In short: synecdoche is a type of metonymy where the substitution involves a part-whole relationship. If the substitute word is physically part of the thing it represents, it is synecdoche. If the connection is merely associative (crown for royalty, pen for writing), it is metonymy.

Part for Whole

Using a part of something to refer to the entire thing.

  • "All hands on deck." — Hands refers to sailors or crew members.
  • "Nice wheels!" — Wheels refers to the entire car.
  • "She counted fifty heads in the audience." — Heads refers to people.
  • "Lend me your ears." — Ears stands in for full attention.
  • "The factory needs more hands." — Hands means workers.
  • "He asked for her hand in marriage." — Hand represents the whole person.
  • "Boots on the ground" — Boots refers to soldiers deployed in a region.
  • "Put your John Hancock here." — A famous signature stands in for any signature.
  • "The hired gun arrived at noon." — Gun refers to the person carrying it.
  • "She's got a good head on her shoulders." — Head refers to intelligence or judgment.

Whole for Part

Using a whole to refer to just a part of it.

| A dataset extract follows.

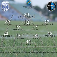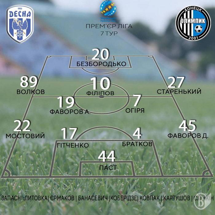 «Десна»: Паст, Фаворов Д., Братков, Гітченко, Мостовий, Огіря, Фаворов А., Старенький (Банасевич, 70), Волков (Картушов, 12), Безбородько (Ковпак, 65), Філіппов.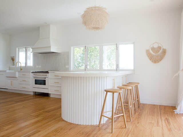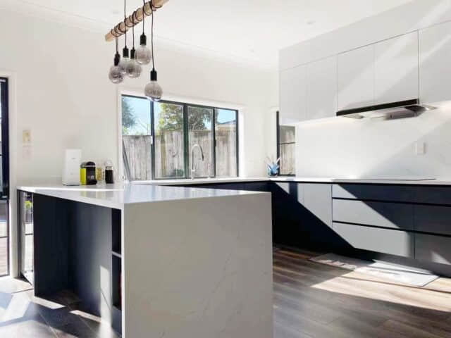 A design brief of dark, moody tones and wood accents served as the foundation for this kitchen. The obvious choice for the focal point was the custom Island Benchtop with a cantilevered tabletop.

  • "The world is watching." — The world means a particular audience or group of people.
  • "England won the match." — England refers to the national team, not every citizen.
  • "The White House issued a statement." — The building represents the administration.
  • "Hollywood doesn't make films like that anymore." — Hollywood stands for the film industry.
  • "Wall Street is nervous today." — The street refers to financial institutions.
  • "The Pentagon confirmed the report." — The building means the U.S. Department of Defense.
  • "Washington is divided on the issue." — Washington represents the federal government.
  • "Silicon Valley is investing heavily in AI." — The region means the tech industry.

Material for Object

Referring to an object by the material it is made from.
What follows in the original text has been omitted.